Something's been bothering me about best practices. Enough to drag me out of my long winter's hibernation to talk about it. What do you think?
You know "best practices." They’re supposed to be the guideposts of successful fundraising. But what happens when best practices go wrong? This...

Here's just one impact of bad practice. Fundraisers who want to make even the slightest innovation, must climb over a very high hurdle: "What are the others doing?" Nothing wrong with benchmarking and knowing the landscape, but these so-called best practices might not be best. Certainly not if you are driven to model yourself after the mediocre. If you look closely at more of these, you will see the slavish devotion for what it is. A one-way trip to the Matrix. Instead of following the others, imagine alternatives that can take you to a far better place. Here is what I think might be the worst of the worst.
Worst Practice #1
The notion that the best fundraiser is a specialist. Leads to ...
  • The notion that campaigns for annual/major/planned giving is the only way.
  • The notion that the best leaders rise only from specialists.
  • When you meet a donor who gives every way, why would your boss need to send three specialists -- separate gift officers to solicit unrelated separate annual, major and planned gifts?

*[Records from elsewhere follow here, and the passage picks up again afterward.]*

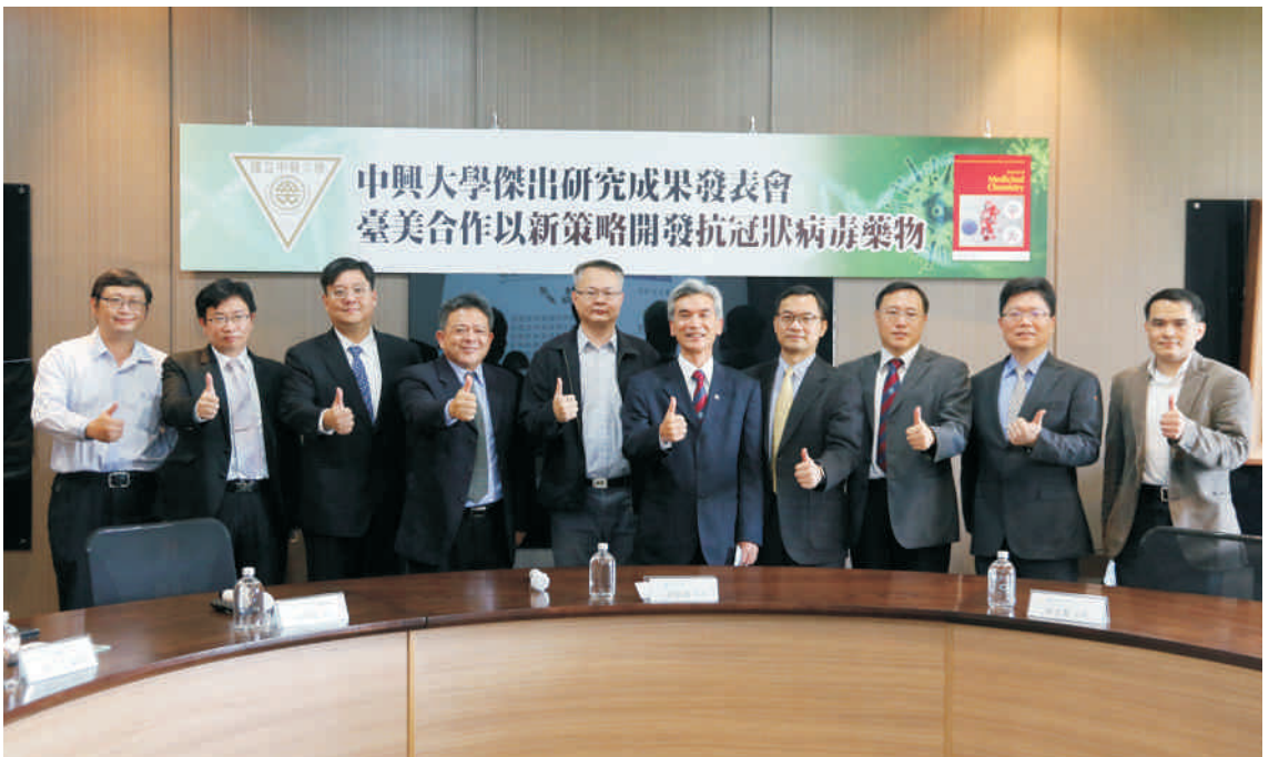
▲ 興大與美國合作 利用新策略開發抗冠狀病毒藥物

該研究由興大基資所侯明宏教授所領導研究團隊所執行，團隊包含博士後研究員林珊夢、簡啟民，碩士生許家寧、王永勝等。亦感謝美國喬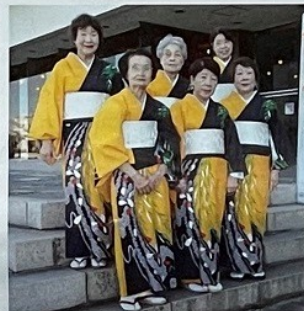
連合婦人会 (木更津甚句)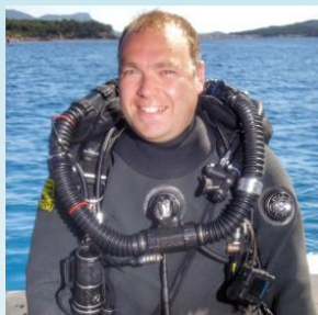
Président Benoit PHILIPPS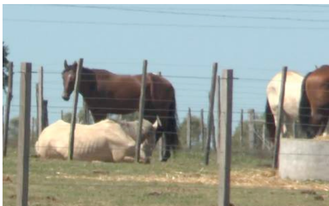
Een mager paard ligt neer en ziet er uitgeput uit.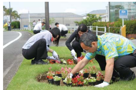
● フラワーマンス空港線花植 (宮崎市)

令和4年3月31日現在、県内の214団体と協定を締結し、道路環境保全活動に取り組んでいただいています。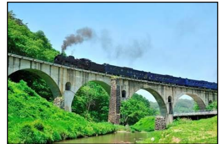
SL 銀河走行イメージ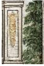
ND.VII,T, Hauptaltar- Antependium, Offene Pfeilerhalle mit Garten, D1023871, BSV-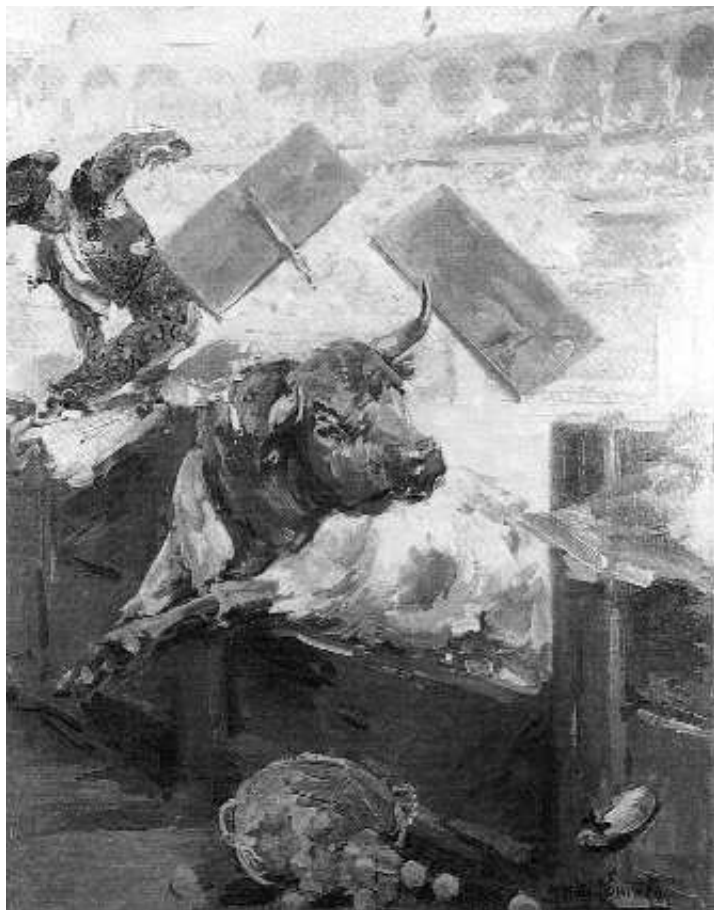
Fig. nº 47.– La cercanía de la residencia en París de Roberto Domingo con la de Toulouse-Lautrec le permitió numerosos encuentros con el artista francés de quien admiró sus vivos carteles y los encuadres descentrados de sus pinturas que no dudó en traer a España por lo que puede considerarse como el introductor de esa nueva sensibilidad artística. Roberto Domingo: Saltando la barrera , boceto para cartel, ól./l., 119 x 80 cm. Colección particular (Agustí, 1998: 49).

[Why not send One enlightened generalist who can meet the donor where they are? Spoiler: we don't make them we don't teach them; someone else "owns" that donor. Where is job description for such a gift officer? I can show you.]
After you’ve crashed the fundraising matrix
Instead of a specialist, imagine that you are an Enlightened Generalist.
  • Notice the toxicity of separated, fragmented, compartmented goals and mediocrity.
  • Instead, resist the notion that the institution is always greater than the donors.
  • Even if that’s true, an enlightened generalist sees the trap of it.
Some curatives
Instead of success as a lone wolf, place a higher value on integration, collaboration and build success upon the notion of a unified campaign.
  • Value all the constraints on you. Push through to new insight on what’s possible.
  • Pay attention. The key to flying: the thing you push against is the thing that lifts you up.
What exactly is the difference before and after?
  • Enlightened generalist sees "mastery" differently.
  • Mastery becomes a journey beyond specialization, narrow domain skills and transaction.
  • Instead of getting what you can in the moment, you see possibilities for transformation in every gift, and in every donor that you meet.
  • You experience the three kinds of transformation: that of the donor; that of the institution; and, the most rare, that of yourself, as gift officer.
What’s been learned?
  • You, as an enlightened generalist can be that fully-present gift officer who can hear the aspirations of all donors - and in each particular donor - to reach their the highest level of impact. And aim for that donor's impact to begin now.
  • Leadership will one day rise above the heap of specialists, shouldn't it? Rather, move past narrow domain knowledge to a broader landscape where each opportunity may be treated as a rich challenge to move beyond yourself, as institution, donor and gift officer.
See that the J O Y of giving is attainable, as a Journey Outside Yourself.